J Phys Chem B. 2009 Jul 30;113(30):10454-8. doi: 10.1021/jp904004w.
The interaction of magnetic iron oxide nanoparticles (MNPs) with bovine serum albumin (BSA) was investigated by fluorescence (FL), ultraviolet visible (UV-vis) absorption, Raman, and circular dichroism (CD) spectroscopy. Results indicated that MNPs quench BSA FL mainly by a static quenching mechanism. The FL quenching constants KSV were obtained as 2.44x10(8), 2.41x10(8), and 2.40x10(8) L.mol(-1) at 291, 298, and 313 K, respectively. The thermodynamic parameters of enthalpy change DeltaH(theta), entropy change DeltaS(theta), and free energy change DeltaGtheta were -0.90 kJ.mol(-1), 157.38 J.mol(-1).K(-1), and -47.80 kJ.mol(-1) (298 K), respectively. The association constant (KA) and the number of binding sites (n) were 7.64x10(7) L.mol(-1) and 46.55 at higher concentration of MNPs, and 1.35x10(6) L.mol(-1) and 284.74 at lower concentration of MNPs. The analysis results suggested that the interaction was spontaneous and the electrostatic interactions played key roles in the reaction process. In addition, the Raman and CD spectra proved secondary structure alteration of BSA in the presence of MNPs.

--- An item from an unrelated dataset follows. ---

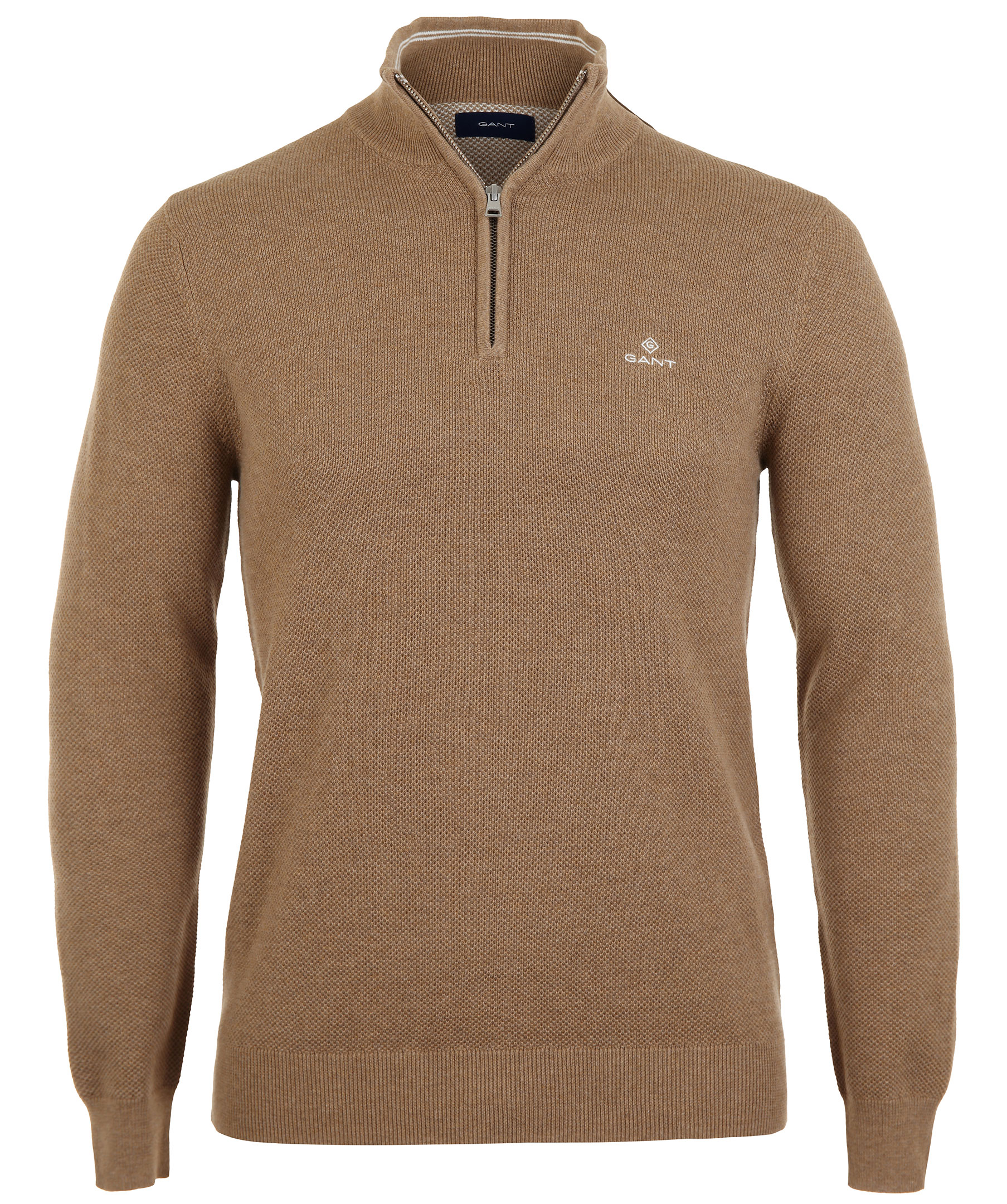Brun stickad pullover från Gant. Tillverkad i 100% bomull. Broderad logga på bröstet, half zip-krage.

通过荧光(FL)、紫外可见(UV-vis)吸收、拉曼和圆二色性(CD)光谱研究了磁性氧化铁纳米颗粒(MNPs)与牛血清白蛋白(BSA)的相互作用。结果表明,MNPs主要通过静态猝灭机制猝灭BSA的荧光。在291、298和313 K时,荧光猝灭常数KSV分别为2.44×10⁸、2.41×10⁸和2.40×10⁸ L·mol⁻¹。焓变ΔH⁰、熵变ΔS⁰和自由能变ΔG⁰的热力学参数分别为-0.90 kJ·mol⁻¹、157.38 J·mol⁻¹·K⁻¹和-47.80 kJ·mol⁻¹(298 K)。在较高浓度的MNPs下,结合常数(KA)和结合位点数量(n)分别为7.64×10⁷ L·mol⁻¹和46.55,在较低浓度的MNPs下分别为1.35×10⁶ L·mol⁻¹和284.74。分析结果表明,该相互作用是自发的,静电相互作用在反应过程中起关键作用。此外,拉曼光谱和CD光谱证明了在MNPs存在下BSA的二级结构发生了改变。